Так мы говорили ещё долго, меняли одну тему за другой, посмеивались друг над другом, зябко ежась и матерясь, когда налетал холодный ветер. Каждый бравировал своей иронией или цинизмом, играющим роль толстого панциря, под которым скрывалась такая трогательно уязвимая, мягкая душа, и каждый ощущал себя менее одиноким, менее несчастным, менее неудачливым в кругу таких же, как и он, одиноких, тоскливых неудачников. Калеки должны держаться вместе, иначе их съедят, задушат, раздавят… Держаться вместе, и тихонько посмеиваться над собой, а так же над абсурдным местом и временем, в котором им довелось обитать.



***

А вот уже и вечер все того же дня – я стою на платформе у своего вагона, жадно докуриваю, улыбаюсь симпатичной молодой проводнице, то и дело косящейся на меня, и тихо радуюсь предстоящей дороге.


Гастроли – это всегда приключение, пусть даже если длятся они всего несколько суток. Люди срываются с насиженных мест, на время забывая про семьи, про скуку ежедневного, приевшегося быта, серьезные беды и мелкие неурядицы остаются за спиной, и каждый несёт в себе крохотный огонек детского, непосредственного счастья. Когда же эти огоньки объединяются – вспыхивает весёлый пожар. Для многих это – единственная отдушина, чудом уцелевшая щель, сквозь которую ещё тянет упоительно свежим сквозняком свободы – да, пусть не на долго, но заглянуть в эту щель хочется каждому. Все на время становятся одной большой семьёй, вернее, одним табором, и лишь на гастролях может случиться нечто особенное, почти сказочное, чему никогда не будет места в обжитой и пресной вселенной долгих серых будней.
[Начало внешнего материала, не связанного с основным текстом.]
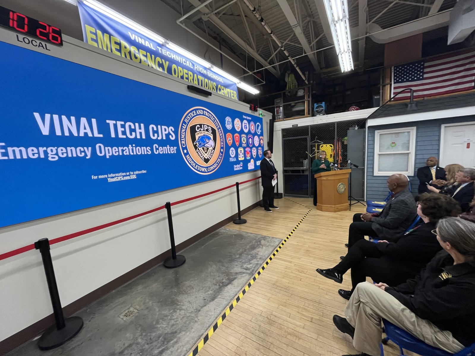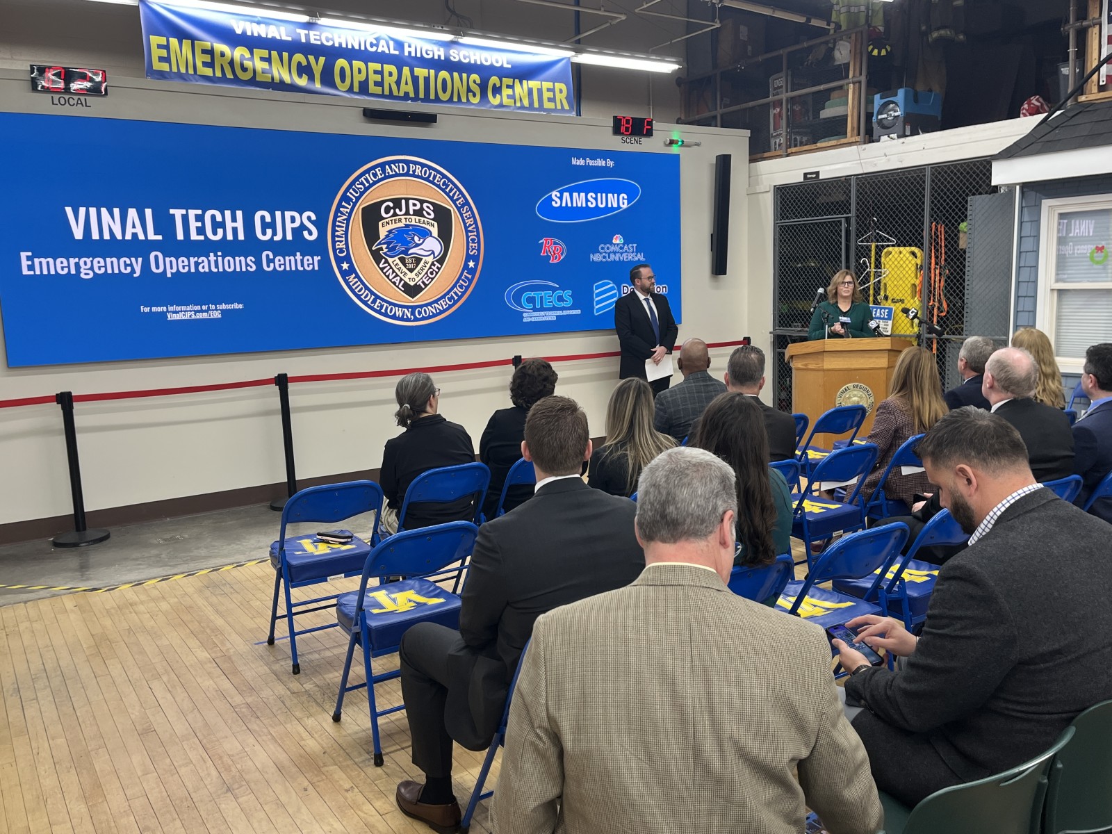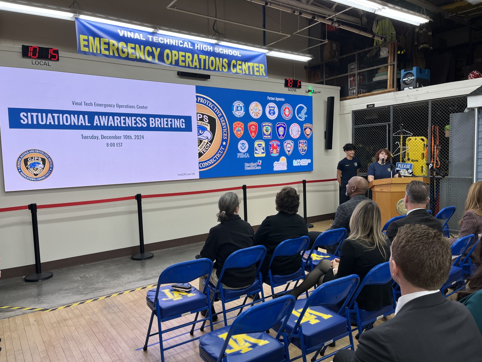 Middletown, CT — December 10, 2024 – Vinal Technical High School’s Criminal Justice and Protective Services (CJPS) Program hosted a landmark event today, unveiling a $300,000 upgrade to its Emergency Operations Center (EOC), made possible by Samsung, Comcast, and RnB Enterprises. The event also marked the debut of a groundbreaking initiative: a free, student-developed 365-day-per-year intelligence briefing for first responders nationwide.

Весь оркестр уместился в четырех вагонах – музыканты курили на платформе, переходили из одного вагона в другой в поисках подходящей компании, кто-то уже выпивал – короче, царила привычная, вполне творческая суматоха. По перрону взад-вперед в панике носился наш инспектор, пытаясь сосчитать тех, кто уже занял свои места, и вычислить, кого ещё нет. Занятие, нужно сказать, не из простых – сосчитаешь ты людей в первом вагоне, вздохнешь с облегчением, переместишься во второй, а там не хватает двух человек. Пока будешь выяснять, кого же конкретно не хватает, окажется, что все в сборе, зато теперь в первом вагоне пропали четверо. Куда делись, черти? Ах, вот же они, перешли в третий вагон, и уже, ясное дело, распивают. Стоп! А почему в третьем вагоне по количеству людей все сошлось, если пятеро стоят и курят на платформе? Ага, вот в чем дело – Иванов и Курышев притащили в вагон каких-то пьяных, безостановочно смеющихся женщин. Женщин разогнать, Иванову с Курышевым сделать взыскание, выслушать душещипательную историю от Леонтьевой о том, что в детстве она упала с верхней полки, и теперь ездит исключительно на нижней. Объяснить ей, что нижняя уже занята Потаповой, а так, как Потапова уже без пяти минут на пенсии, с ней споры лучше не затевать – себе дороже выйдет. И снова в первый вагон, снова считать людей – опять-таки, количество не то, кого-то не хватает. Кого? Искать, попутно отмахиваясь от проводницы, жалующейся на то, что кто-то заблевал туалет. Нет, это не наши. Как не наши? А вот так, не наши – наши не блюют, по крайней мере до отправления. Кто же тогда? Да хрен знает… Наверное, какие-то диверсанты из других вагонов, не имеющие никакого отношения к артистам оркестра. А сам думаешь – может, и наши. Может и могли. Так кого же не хватает?..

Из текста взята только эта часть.